Après avoir livré sa cargaison, l’USS Indianapolis repart alors pour les Philippines. Peu après minuit, le 30 juillet, le navire est torpillé par un sous-marin japonais. Durement touché, le bateau coule en moins de quinze minutes, emportant avec lui environ 300 membres d’équipage. Les près de 900 autres sont alors laissés à la dérive en pleine mer. Beaucoup mourront de déshydratation et d’empoisonnement à l’eau salée (hypernatrémie), mais plus d’une centaine d’entre eux seront la cible des requins.
Des requins océaniques
Pour chasser, les requins utilisent leur sens de la vue et de l’odorat, mais aussi leur capacité à capter les vibrations de l’eau.
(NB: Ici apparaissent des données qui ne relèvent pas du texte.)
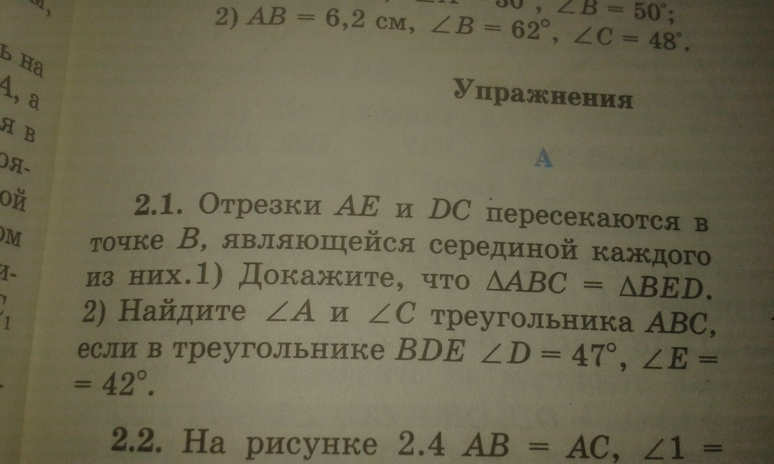 б) Поскольку ΔABC=ΔBDE, то ∠A=∠E=42°

C’est probablement ce qui coûta la vie à ces hommes qui se débattaient pour rester à flot.
De nombreuses victimes auraient été ciblées près de la surface de l’eau, conduisant certains experts à suggérer que des requins océaniques (Carcharhinus longimanus) ont été impliqués. Cette espèce, également suspectée dans plusieurs décès suite au naufrage du RMS Nova Scotia en 1942, est en effet connue pour être persistante et imprévisible. Elle n’est pas non plus très farouche, ce qui rend la rend particulièrement dangereuse pour les humains. Il est néanmoins également possible que d’autres espèces aient également participé.
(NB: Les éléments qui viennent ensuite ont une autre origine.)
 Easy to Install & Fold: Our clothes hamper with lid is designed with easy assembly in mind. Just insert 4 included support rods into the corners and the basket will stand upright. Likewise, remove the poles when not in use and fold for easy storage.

Les survivants de l’USS Indianapolis ont décrit ces attaques de requins comme étant constantes et particulièrement brutales. « Vous entendiez un cri à glacer le sang. Et puis le corps s’enfonçait, et le gilet de sauvetage remontait« , s’était un jour le caporal survivant Edgar Harrell. Certains avaient également trop peur de bouger, de peur d’être ciblés. Selon le rapport d’un autre survivant, l’un des hommes, affamé, aurait également ouvert une boîte de Spam (la ration principale à l’époque), entraînant finalement une « frénésie alimentaire » autour de lui, avant de finir lui-même au menu.
Quatre jours d’enfer
Il aura fallu attendre quatre jours avant que les secours n’arrivent sur place. La marine américaine avait appris la nouvelle beaucoup plus tôt, mais le message d’alerte avait été considéré comme un faux. Les autorités pensaient en effet qu’il s’agissait d’une tentative japonaise d’attirer les bateaux de sauvetage américains dans un piège.
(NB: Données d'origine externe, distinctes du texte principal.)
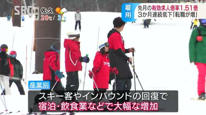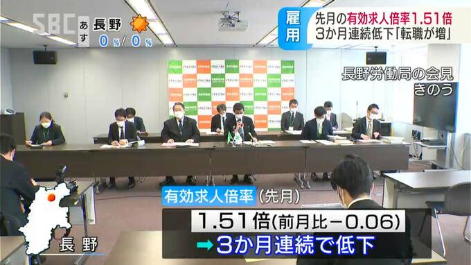 長野労働局によりますと、先月の有効求人倍率は1.51倍で、前の月を0.06ポイント下回り、3か月連続で低下しました。
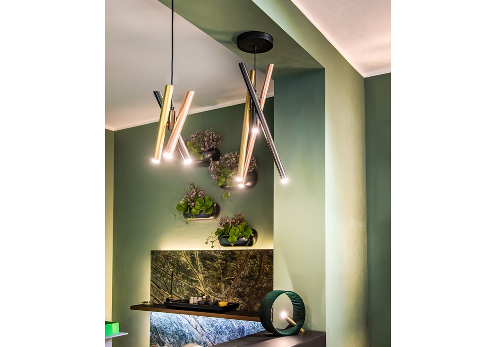 Shangai S6 diseñada por Riflessi es una lámpara de suspensión compuesta por tres tubos de metal pintados con tratamiento satinado galvánico. En la versión pequeña, la lámpara se compone de tres luces LED direccionales. En la versión grande la lámpara se compone de tres luces LED direccionales + 1 luz LED fija. Cable eléctrico en tejido negro regulable en altura máx. 120cm Disponible en diferentes acabados.

Un avion de la marine volant au-dessus de la zone avait finalement repéré les derniers survivants. Certains ont ensuite été repêchés par un hydravion piloté par le lieutenant Adrian Marks, tandis que d’autres ont été sortis de l’eau par l’USS Cecil J. Doyle. Seuls 316 hommes ont survécu.
L’histoire de l’USS Indianapolis avait ensuite été rendue célèbre par le film « Les Dents de la mer » de Steven Spielberg dans lequel le personnage de Quint, interprété par Robert Shaw, raconte son expérience alors qu’il était à bord de l’USS Indianapolis. Bien que le film ne soit pas complètement fidèle à l’histoire réelle, il a définitivement contribué à populariser la tragédie.